Hasta el siglo XII la cultura había sido patrimonio casi exclusivo del clero.
Los monasterios guardaban celosamente todo el saber en sus bibliotecas, y la iglesia ejercía y controlaba la docencia desde las escuelas abaciales o episcopales.
Pero junto al crecimiento de las ciudades, la aparición de los burgueses y la búsqueda de nuevas libertades, aparece también la necesidad y el interés por la cultura.
Esa necesidad hizo que las antiguas escuelas resultaran insuficientes y poco atractivas para los nuevos intereses culturales. Nacieron así las universidades que, bajo la tutela del poder real o eclesiástico, fueron para las ciudades y sus habitantes motivo de orgullo y de prestigio como, en otro sentido, lo fueron las grandes catedrales.

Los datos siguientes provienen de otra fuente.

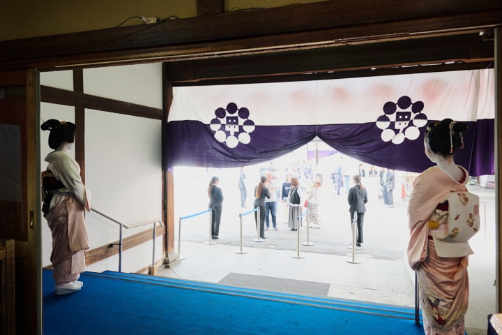 歴史ある文化財の玄関に芸妓がお迎え
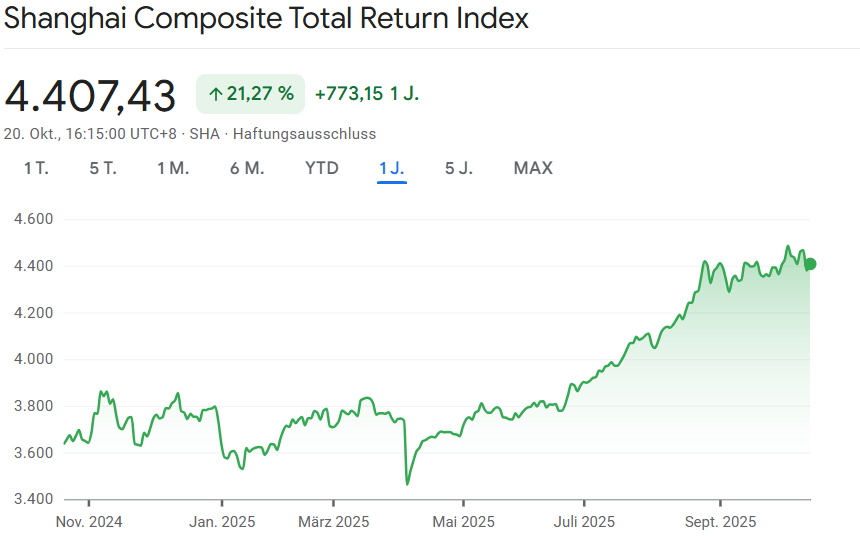 Positiv überraschte dagegen die Industrieproduktion, die im September um 6,5 Prozent zunahm und damit deutlich über den Erwartungen lag. Diese Entwicklung deutet darauf hin, dass die chinesische Exportindustrie trotz konjunktureller Schwäche im Inland stabil bleibt.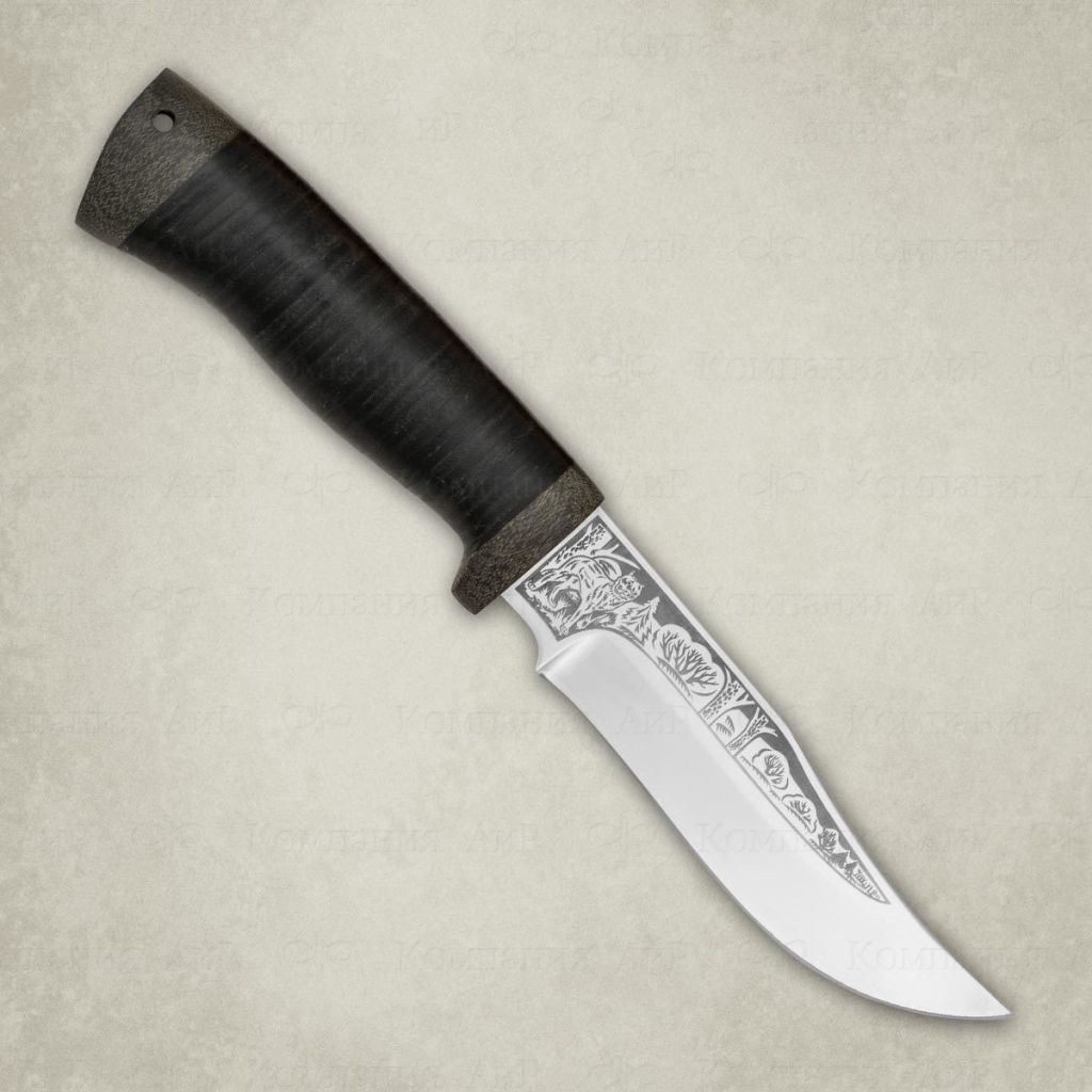 Мультифункциональный нож Клычок – 1, кожа, 95Х18, это хорошее приобретение для активного отдыха, туризма и лесных работ.Кожаная рукоять коричневого цвета и удобной эргономичной формы, позволяет максимально контролировать нож при работе, а гарда защищает от порезов.Лезвие с необычными узорами придает клинку изюминку, а хорошие режущие свойства обеспечивают вогнутые спуски и изогнутый наконечник. Широкая голомень блокирует повреждения и не позволяет ножу сломаться.К ножу с легкостью крепится темляк, в целях удобной переноски. Приятным дополнением ко всему станут качественные кожаные ножны, паспорт и сертификат соответствия.

Las universidades surgieron como agrupaciones corporativas de profesores y alumnos, deseosos de solucionar los problemas que el gran número de personas que las configuraban podían generar. Esas corporaciones ejercían un control en la entrega de títulos y en el trasiego de estudiantes.
Cada universidad tenía sus propios estatutos y un gobierno autónomo que le permitía administrar sus rentas o diseñar los planes de estudio.
Algunas fueron tan famosas que recibían estudiantes de diferentes naciones y lenguas, sin que eso supusiera problemas de entendimiento, ya que las clases se impartían en latín, que era la lengua culta.
Los grados o títulos que expedían eran validos en toda Europa.
La institución universitaria estaba formada por las diferentes facultades.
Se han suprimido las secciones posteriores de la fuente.